変更監視保護モジュールは、不審なアクティビティを示している可能性があるファイルや重要なシステム領域 (Windowsレジストリなど) への変更を検出します。検出では、現在の状況が、以前に記録されたベースラインの読み取り値と比較されます。Workload Security には、事前定義済みの 変更監視 ルールと新しい 変更監視 ルールが含まれています。

変更監視ではシステムに加えられた変更が検出されますが、変更の防止や取り消しは実行されません。

変更監視を有効にするには、Workload Securityのライセンスが必要です。

変更監視を有効にする方法

変更監視は、ポリシー内で有効にすることも、コンピュータレベルで有効にすることもできます。変更監視を有効にするには、次の手順を実行する必要があります。

  1. 変更監視をオンにする
  2. 推奨設定の検索を実行する
  3. 変更監視ルールを適用する
  4. コンピュータのベースラインを構築する
  5. 変更を定期的に検索する
  6. 変更監視をテストする

変更監視を有効にしたら、以下についても設定できます。

変更監視を有効にするための一般的な手順は次のとおりです。

変更監視をオンにする

変更監視は、コンピュータの設定またはポリシーで有効にできます。これを実行するには、[Policy]または[Computer]エディタを開き、[ 変更監視 ]→[ 一般]の順に選択します。[設定] を [オン] または [継承 (オン)] に設定して、[保存] をクリックします。

変更監視設定

推奨設定の検索を実行する

コンピュータで推奨設定の検索を実行して、どのルールが適切か、推奨設定を取得します。これを実行するには、コンピュータエディタを開き、[ 変更監視 ]→[一般]の順に選択します。[推奨設定] セクションで、[推奨設定の検索] をクリックします。オプションで、 Workload Security が検出したルールの推奨事項を実装するように指定できます。

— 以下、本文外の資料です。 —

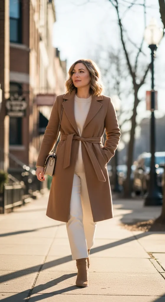 A soft belted wool coat, crewneck sweater, straight cream pants, and suede boots. Cozy sophistication.
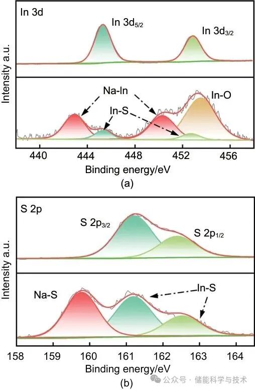 圖3 循環(huán)前后NZZSPO@In2S3固體電解質(zhì)表面的 (a) In 3d和 (b) S 2p XPS譜圖
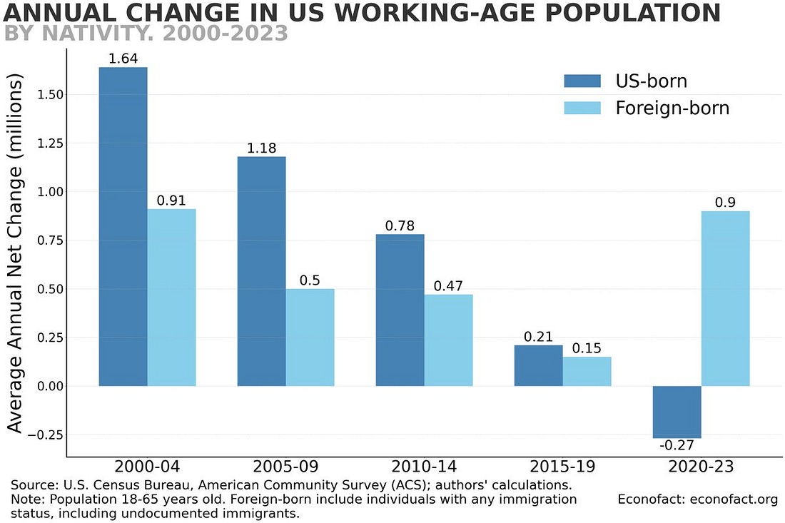 US depends on immigration. New census data shows the US-born workforce is declining, meaning future labor growth relies on up-skilling and immigration to secure necessary labor.

推奨される変更監視ルールを適用すると、監視対象のエンティティと属性が多くなりすぎる可能性があります。重要で監視すべき対象を特定し、カスタムルールを作成するかまたは事前定義されたルールを調整することをお勧めします。頻繁に変更されるプロパティ (プロセスIDや送信元ポート番号など) を監視するルールでは、検出数が多くなりがちなため、調整が必要になることがあるので、注意が必要です。

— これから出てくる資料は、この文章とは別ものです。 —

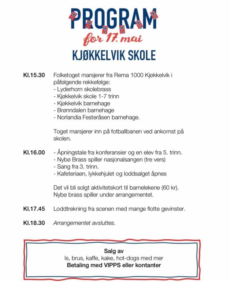 Her kan du se hva som skjer på Kjøkkelvik skole på 17. mai.

リアルタイムの変更監視の検索を有効にしていて、頻繁に変更されるディレクトリを監視しているため一部の推奨ルールで生成されるイベントが多すぎる場合は、そのルールのリアルタイム検索を無効にできます。[ポリシー]→[共通オブジェクト]→[ルール]→[変更監視ルール] に移動して、ルールをダブルクリックします。[ オプション] タブで、[ リアルタイム監視を有効にする ]チェックボックスをオフにします。

変更監視ルールを適用する

上記のとおり、推奨設定の検索を実行すると、 Workload Security で自動的に推奨ルールが実装されます。また、手動でルールを割り当てることも可能です。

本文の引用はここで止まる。